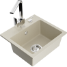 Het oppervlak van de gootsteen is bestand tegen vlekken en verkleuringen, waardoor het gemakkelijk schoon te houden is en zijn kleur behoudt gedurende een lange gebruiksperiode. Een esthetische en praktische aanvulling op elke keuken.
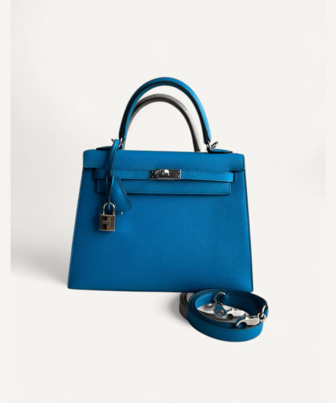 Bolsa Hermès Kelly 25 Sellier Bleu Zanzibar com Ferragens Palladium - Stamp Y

________________

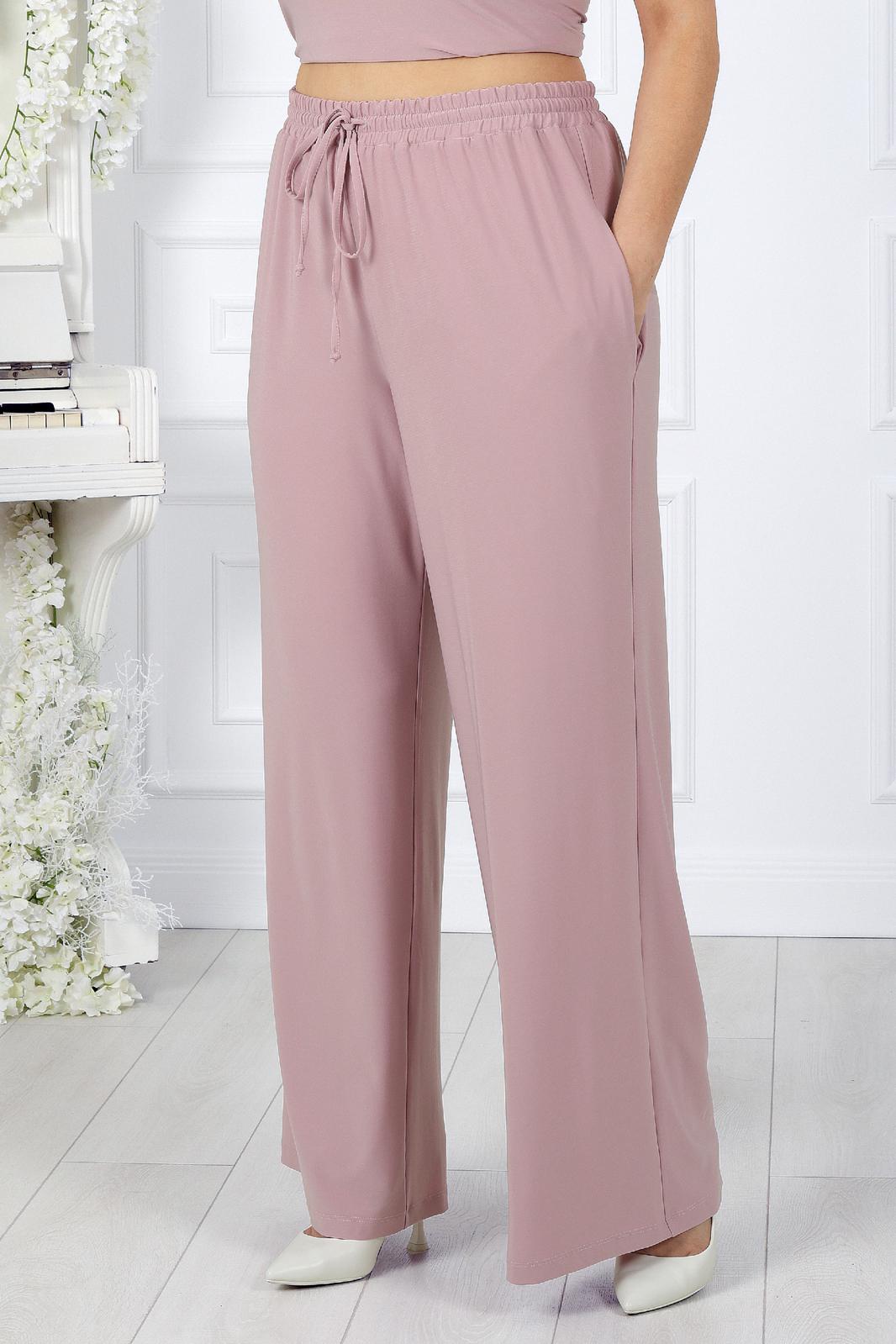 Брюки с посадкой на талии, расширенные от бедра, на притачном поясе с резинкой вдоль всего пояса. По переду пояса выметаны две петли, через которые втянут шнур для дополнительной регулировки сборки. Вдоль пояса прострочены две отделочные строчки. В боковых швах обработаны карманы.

________________

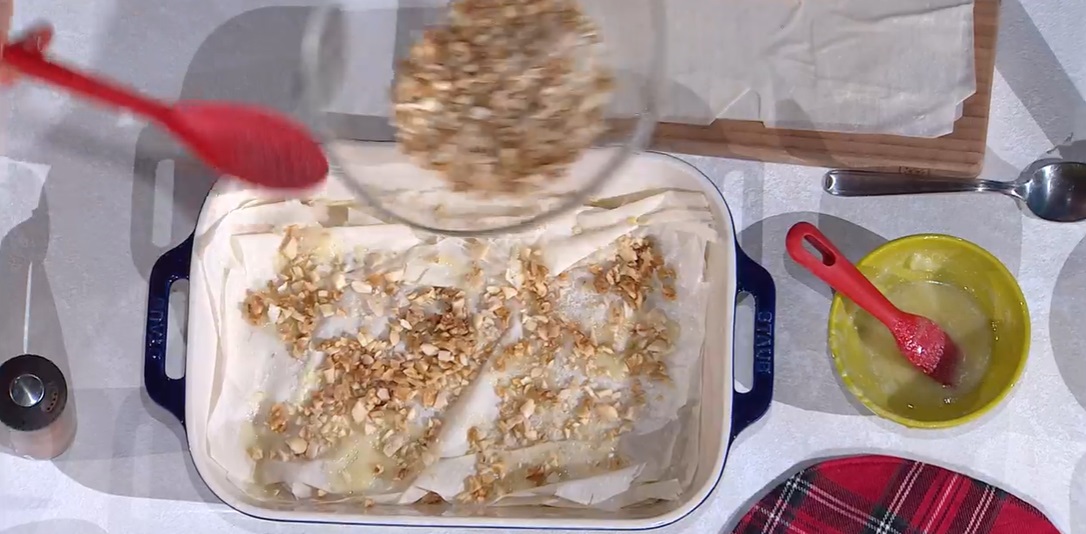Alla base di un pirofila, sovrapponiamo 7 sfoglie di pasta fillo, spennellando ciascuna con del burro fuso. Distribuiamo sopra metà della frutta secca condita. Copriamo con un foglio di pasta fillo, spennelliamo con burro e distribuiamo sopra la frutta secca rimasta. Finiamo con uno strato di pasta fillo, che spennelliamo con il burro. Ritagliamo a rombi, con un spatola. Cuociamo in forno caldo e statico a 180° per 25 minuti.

________________

→ Your task
Reproduce exactly the lines above that run from the one with "Het oppervlak van" to the one with "Bolsa Hermès Kelly", both included, leaving pictures out.

→ Exercise output
 Het oppervlak van de gootsteen is bestand tegen vlekken en verkleuringen, waardoor het gemakkelijk schoon te houden is en zijn kleur behoudt gedurende een lange gebruiksperiode. Een esthetische en praktische aanvulling op elke keuken.
 Bolsa Hermès Kelly 25 Sellier Bleu Zanzibar com Ferragens Palladium - Stamp Y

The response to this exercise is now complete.